At present, good value added measures are little more than  a really cool (if not totally awesome) research tool, but most of the best analyses of value-added as a tool for teacher evaluation suggest that even in the best of cases there still exist potentially problematic biases.

Let’s set these technical issues aside for now and explore some practical issues. For example, just how many teachers in a public education system could even be evaluated with value-added assessment? Consider these constraints.

  1. Most states, like New Jersey, implement yearly assessments in grades 3 through 8, and perhaps end of course or some HS exit exam. (I’ll set aside concerns over the fact that annual, rather than fall-spring assessment captures vast differences in summer learning which play out by student economic status – advantaging some teachers and disadvantaging others, depending on which kids they have).
  2. In most cases, the established and more reliable tests exist only in language arts and math, though some states have implemented science and/or social studies tests which are arguably less cumulative.
  3. The most reliable VA assessment of teachers occurs where there exist multiple points of historical scores on students prior to the observed teacher  (smaller technical point). This really casts doubt on the usefulness of VA assessment for evaluating teachers who have kids in their first few years of being assessed (grades 3 and 4 in NJ and many states).
  4. by the time a student hits middle school, they typically interact with multiple teachers who may have simultaneous influences on each others’ content area success.

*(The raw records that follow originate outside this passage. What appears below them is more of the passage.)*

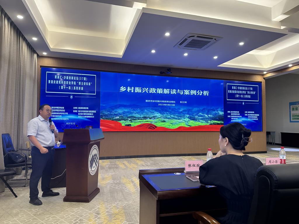 2023年9月15日下午,由Kaiyun官方网站登录入口主办,环境艺术学院承办的菁英汇·沙磁创新论坛(36期)暨Kaiyun官方网站登录入口“博士讲科研”系列讲座活动(第11场)在Kaiyun官方网站登录入口大数据中心顺利举行。本次讲座活动邀请了来自重庆市乡村振兴局政策法规处副处长彭江明作为讲座嘉宾,Kaiyun官方网站登录入口副校长周俊华,科研处处长周小茜,产业办主任、乡村振兴学院院长湛杨,环境艺术学院书记张慎富,环境艺术学院副院长张红琼,环境艺术学院院长助理曾易成,各学院骨干教师及学生代表共计80余人参会。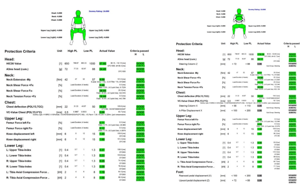子弹车黑色揽月假人伤害得分率100%满分,目标车蓝色揽月假人伤害98.8%,假人胸部扣分有受伤风险。如何解读?子弹车由于拥有充分的被动保护,尽管A柱有形变,但整体幅度并不大,假人在安全气囊防护下没有出现致命伤,因此得到满分意料之中。目标车蓝色揽月扣分主因在于,碰撞后子弹车有继续擦碰目标车驾驶员一侧车门的趋向,释放的撞击力势能通过车门侵入车内,假人胸部点位传感器在此时被撞击触发,最终评价为A良好。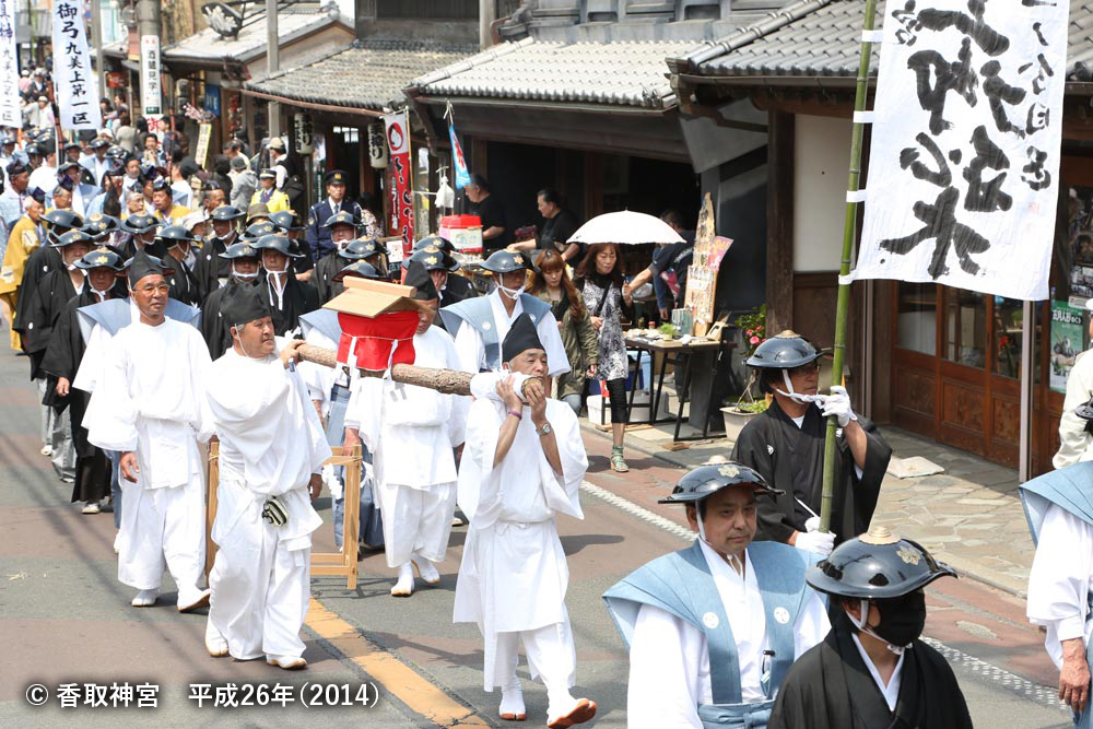 - 香取神は津宮から上陸して亀甲山(かめがせやま)に鎮座したとの伝承があり、上陸地に神の船を象徴する御船木(みふなぎ)を納めるのが、神幸祭の本来の目的です。御船木を津宮に納めて還御となる小規模な神幸祭は、毎年行われています。
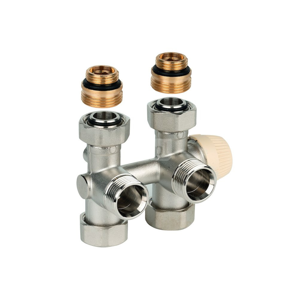 Zawór podwójny Therafix Uniwersal z zespolonym zaworem termostatycznym z wkładką SX, przyłącze grzejnika 3/4" gza, Euroconus, w zestawie nypel redukcyjny na 1/2" oraz osłona ozdobna: biała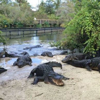 Located south of Orlando in Orange County, Gatorland is a 110 acre theme park and wildlife preserve features thousands of alligators and crocodiles, even a zip line and was used in the filming of Indiana Jones and The Temple of Doom.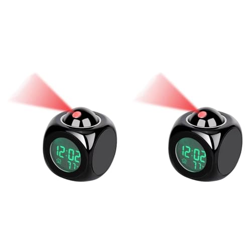 Kueohse 2X Projection Alarm Clock Ceiling Display Snooze Desk Table Clock Voice Multifunction Digital Projection Clock Black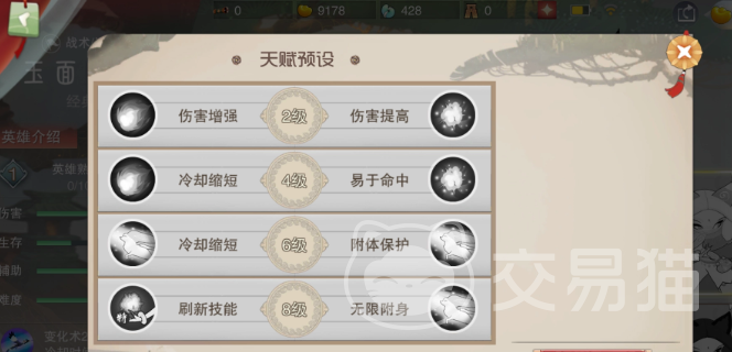 至于天赋加点方面的设置,这倒是没有什么给小伙伴们说的,因为每一场游戏都可以自己进行加点,大家可以根据自己的实际情况去选择适合的点数,这里的天赋设定有包括增加伤害,提高伤害,减少冷却,还有提高命中率的,也有能够刷新技能的,看小伙伴们喜欢哪一种操作形式了。
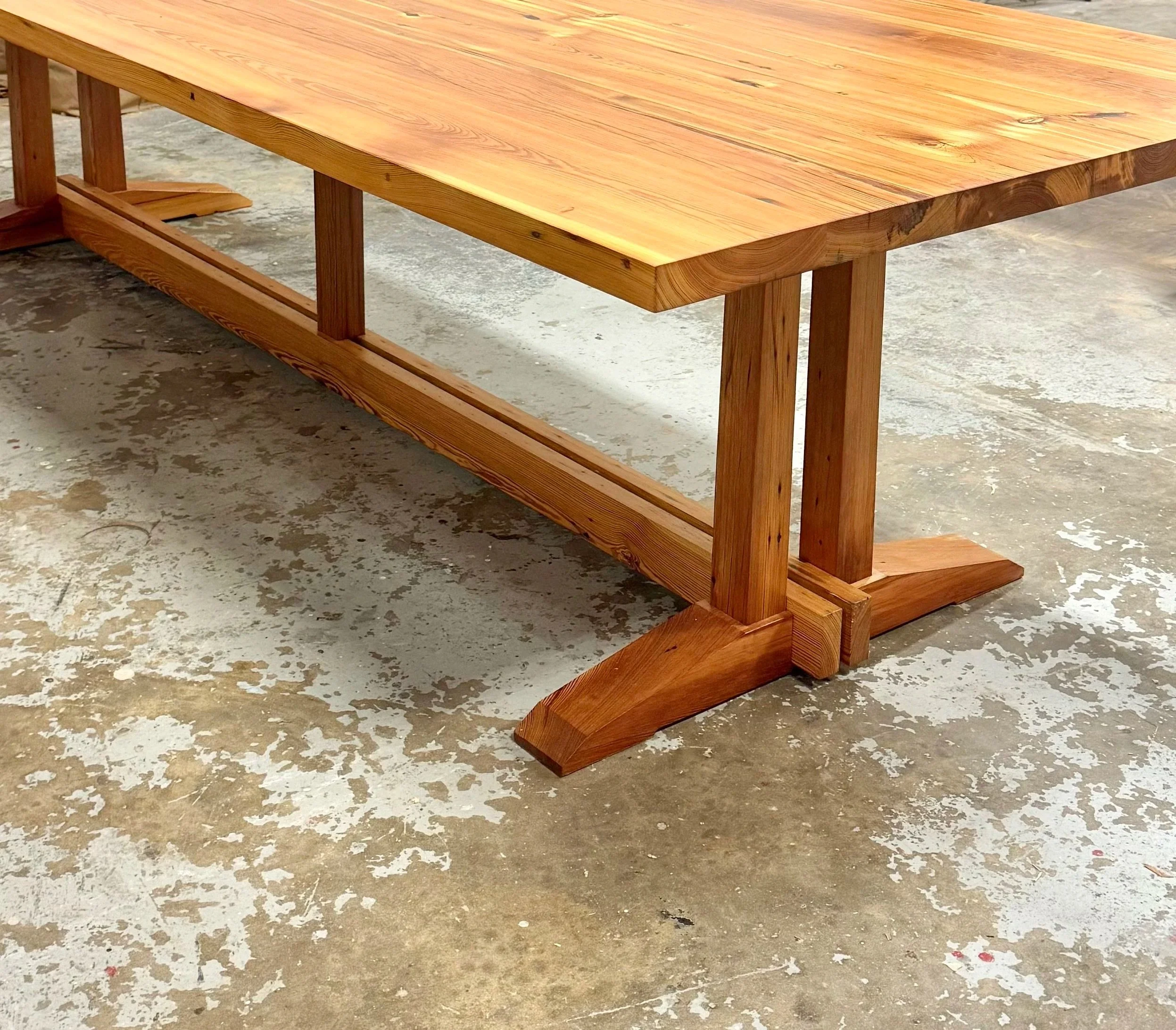 Featured Projects Joist Table Top with Jumeaux Table Legs Jumeaux Table Legs Hearth Heartpine Bench Live Oak Custom Table Top Heartpine Countertop French Polished Mahogany Book matched veneer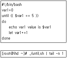 11. 셸 스크립트인 until.sh의 내용이 다음과 같을 때 명령 실행 결과로 알맞은 것은?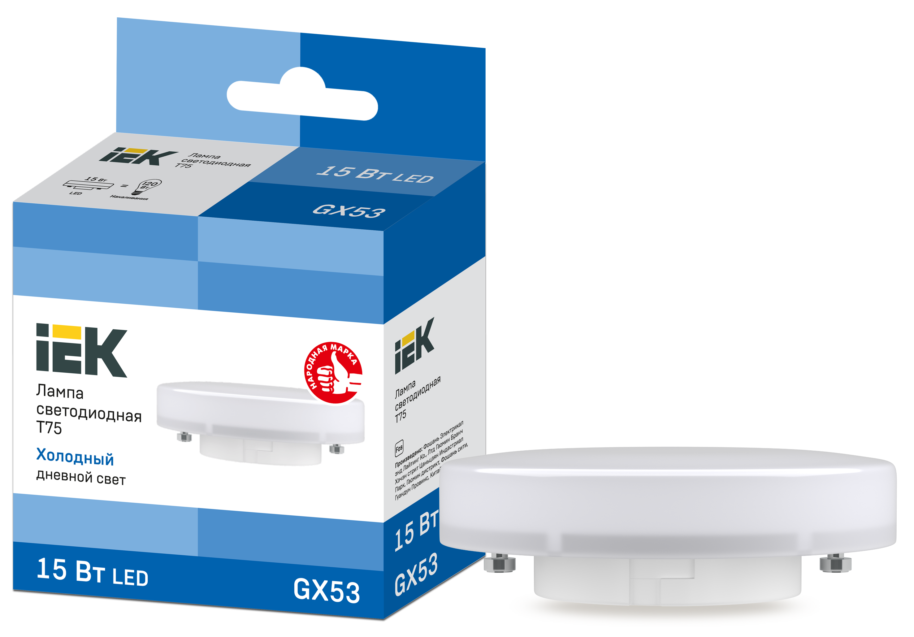 Наименование: Лампа светодиодная T75 таблетка 15Вт 230В 6500К GX53 IEK

Even if we ignore this, at best we can look at the language arts and math teachers in the middle school setting.
  5. you have to jump over those untested grade 9 and 10 students and their teachers. If we have end of course exams, we don’t know what the beginning of course status necessarily was – at least in a VA modeling sense.

So, here is a listing of the certified staffing in New Jersey (below) in 2008 based on their grade levels and areas of teaching. The list does not include everyone, but does capture the main assignment (JOB Code 1) for the vast majority of school assigned teaching (and principal) personnel.

What this list shows us is that in the best possible case, in a state with annual Grades 3 to 8 assessment and shifting to end of course exams, we might be able to generate VA estimates of effectiveness for about 10% or 20% (just saw that “ungraded elementary” group) of the teachers. That is, 10% (up to 20%) would be subject to a different evaluation system than the rest. In fact, nearly 50% of teachers would be infeasible to evaluate at all. Indeed they are an important 10% (or perhaps 20%).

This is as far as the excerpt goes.